Tarih: 2000’lerin ilk yılları...
Yer: Türkiye’nin en önemli, en çok madalya getiren dövüş sporlarından birinin yönetim kurulu toplantısı.
Sporcuların sağlığı, turnuvalara gidiş gelişinde yaşadığı zorluklar konuşulurken federasyon başkanı purosundan derin bir nefes çektikten sonra şöyle söyleyiverdi.
“Yahu arkadaşlar boşverin, sanki hangimiz kendi çocuğumuza bu sporu yaptırıyoruz ki?”
Buz gibi bir hava esti ortamda.
Çünkü gerçekten de o upuzun masanın etrafındakilerin hiçbiri, yıllardır yönettiği, her bir imkanını sonuna kadar kullandığı o federasyonun temsil ettiği sporu çocuğuna yaptırmıyordu.
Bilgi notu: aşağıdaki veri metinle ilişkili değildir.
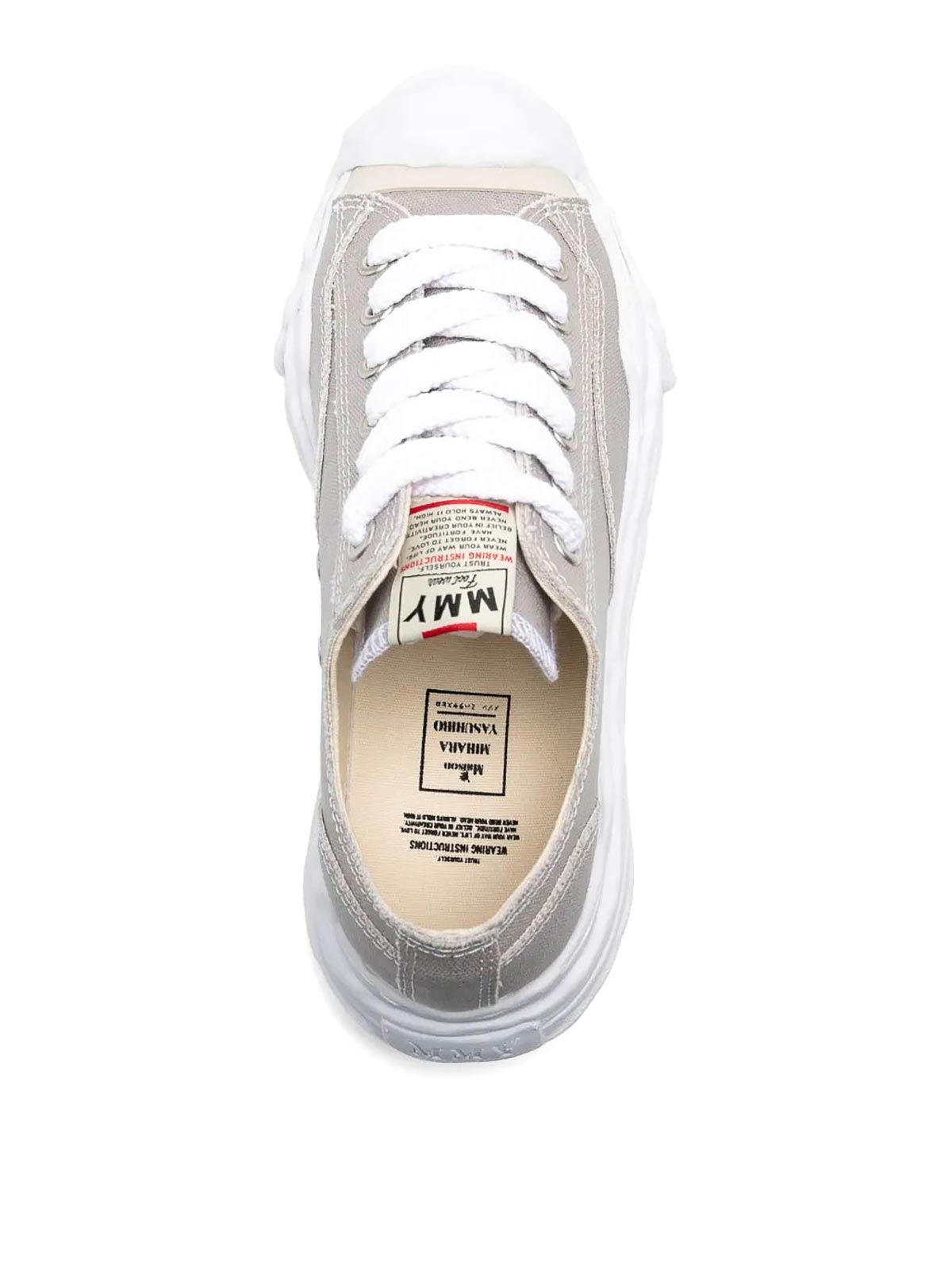 maison mihara yasuhiroのグレーのハンクロー、トップスニーカー。タンとトゥキャップにブラックステッチのロゴパッチ、ラウンドトゥレース、アップブランドイン、タンにデザイナーロゴパッチをあしらったコントラストの効いたボーダーレースが特徴。

Bir kişi hariç. O da ömrünü o spora vermiş, dört çocuğunu o sporda şampiyon yetiştirmiş ve yüzlerce sporcu yetiştirmiş bir değerli milli antrenör.
Ona karşı utanmıştım ben genç yaşımda. Oysa o da biliyordu bu gerçeği.
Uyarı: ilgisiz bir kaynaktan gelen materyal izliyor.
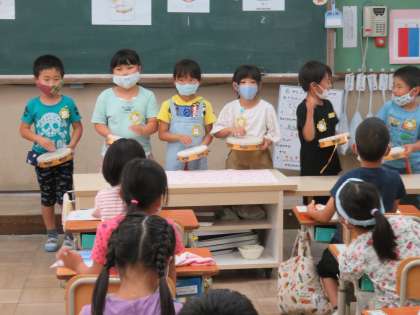音楽の時間は「ぶんぶんぶん」の曲をリズム打ち。
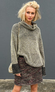 The oversize fit, full sleeves and a large turtleneck give a cool, elegant look.

Muhtemelen diğerleri çok önemsememişlerdi. Çünkü herkes sistemin farkındaydı.
***
Ve yıllar geçti.
Yukarıda anlattığım hikayenin geçtiği yıllarda bir başka önemli branş olan güreşte dünyayı kündeye getiren, asrın güreşçisi olarak kabul edilen Hamza Yerlikaya bugün Gençlik ve Spor Bakanlığı’nda Bakan Yardımcısı olarak göreve başladı.
Bir diğer önemli sporcu, Türk basketbolunun en büyük isimlerinden, dünyanın basketbol zirvesi NBA’da 15 yıl başarıyla forma giymiş olan Hidayet Türkoğlu şimdilerde hem Cumhurbaşkanı Başdanışmanı, hem de Basketbol Federasyonu’nun başkanı.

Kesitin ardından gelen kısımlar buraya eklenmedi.